Public anger has surged in recent months as the date of Mr. Cho’s release approached. Last Wednesday, the National Assembly passed a bill, nicknamed the “Cho Doo-soon law,” which banned people convicted of sexually assaulting minors from leaving their homes at night or during hours when students commute to and from school. The law also bans such sex offenders from going near schools.

South Korean courts have long been accused of leniency in meting out justice to white-collar criminals and sex offenders.

In April, a 24-year-old man named Son Jong-woo was released from prison after completing an 18-month sentence for running one of the world’s biggest child pornography websites.

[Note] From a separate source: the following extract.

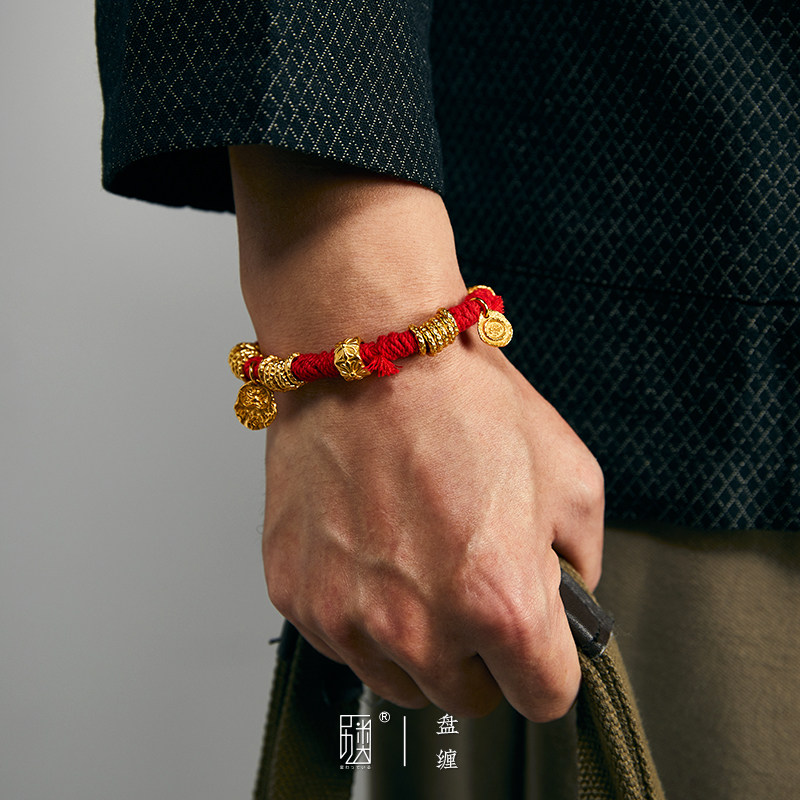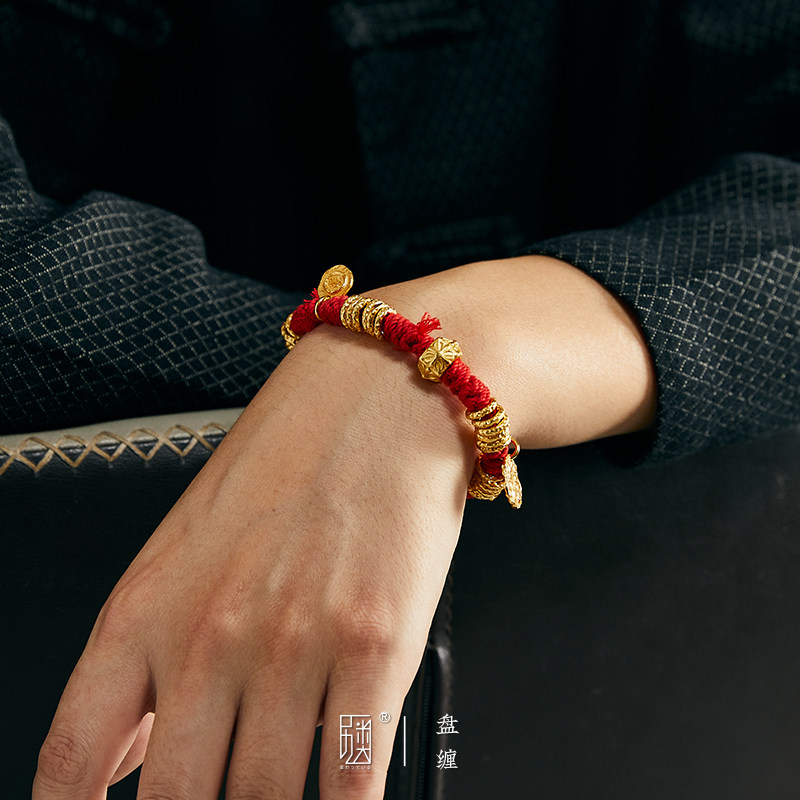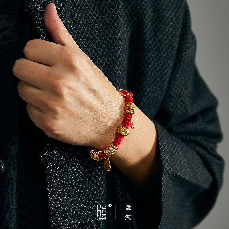 手工编织【盘缠】转运手绳男女百搭红绳本命年纯银镀24K黄金手链

In July, a local court rejected the United States Justice Department’s request to have him extradited to face money-laundering and other charges in an American court.

Women’s rights advocates have said the justice system’s inability to properly punish sex offenders has allowed sexual abuse to proliferate nationwide.

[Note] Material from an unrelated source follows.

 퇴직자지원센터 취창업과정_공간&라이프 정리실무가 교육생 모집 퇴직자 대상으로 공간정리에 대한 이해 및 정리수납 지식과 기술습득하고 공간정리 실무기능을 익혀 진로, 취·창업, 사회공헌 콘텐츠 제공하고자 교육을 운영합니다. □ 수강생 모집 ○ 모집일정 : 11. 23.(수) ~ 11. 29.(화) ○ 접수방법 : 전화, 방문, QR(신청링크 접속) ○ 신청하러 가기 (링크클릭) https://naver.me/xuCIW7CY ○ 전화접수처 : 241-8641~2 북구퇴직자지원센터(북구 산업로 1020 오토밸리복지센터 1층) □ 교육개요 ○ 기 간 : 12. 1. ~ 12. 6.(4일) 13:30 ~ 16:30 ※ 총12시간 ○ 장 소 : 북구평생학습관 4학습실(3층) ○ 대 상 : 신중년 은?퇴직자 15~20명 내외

But sex crimes here have also attracted more scrutiny in recent years, coupled with the country’s growing #MeToo movement, and the government has vowed tougher punishments. Last month, a 25-year-old man named Cho Joo-bin was sentenced to 40 years in prison for blackmailing young women, including eight minors, into making sexually explicit videos that he sold through encrypted online chat rooms.

Cho Doo-soon, who is not related to Cho Joo-bin, was drunk when he kidnapped a first-grader on her way to school and raped her in a church restroom in 2008. His drunkenness, age and “weak mental state” were cited as mitigating factors when the court sentenced him to 12 years in prison. The prosecutors, who in South Korea can push for stiffer punishments after sentencing in an appeal, chose not to.

Mr. Cho’s pending release from prison captured the attention of many South Koreans and the local news media for weeks. The Justice Ministry had not revealed from which prison Mr. Cho would be released on Saturday or at what time. But hundreds of protesters and journalists found out and gathered outside the Seoul prison from which he was released, the Justice Ministry facility in Ansan south of Seoul where Mr. Cho made a brief stop, and a house in Ansan where he planned to live with his wife.

Ansan residents have protested his return home, saying that they don’t feel safe with him in their neighborhood.

The police promised round-the-clock monitoring. Mr. Cho was seen wearing an electronic ankle monitor when he left prison on Saturday and was ordered to wear it for seven years. His whereabouts and photograph will be available on a government website for registered sex offenders.

The police also installed a monitoring system at his home and will make random visits there to check on him. They also have added 35 surveillance cameras, brighter streetlights and police booths in Mr. Cho’s neighborhood to monitor his movements and also deter people who have threatened to attack him. Police officers specially trained in martial arts will patrol his neighborhood.

Mr. Cho, wearing a cap and mask, did not respond to questions shouted by reporters on Saturday. But Ko Jeong-dae, a Justice Ministry official assigned to supervise Mr. Cho during his post-prison life, said Mr. Cho was surprised by the rage directed at him.

“While we were moving in the car, he told me he hadn’t expected this,” Mr. Ko told reporters in a briefing. “He said he had committed an unpardonable atrocity and he would live in repentance for the rest of his life.”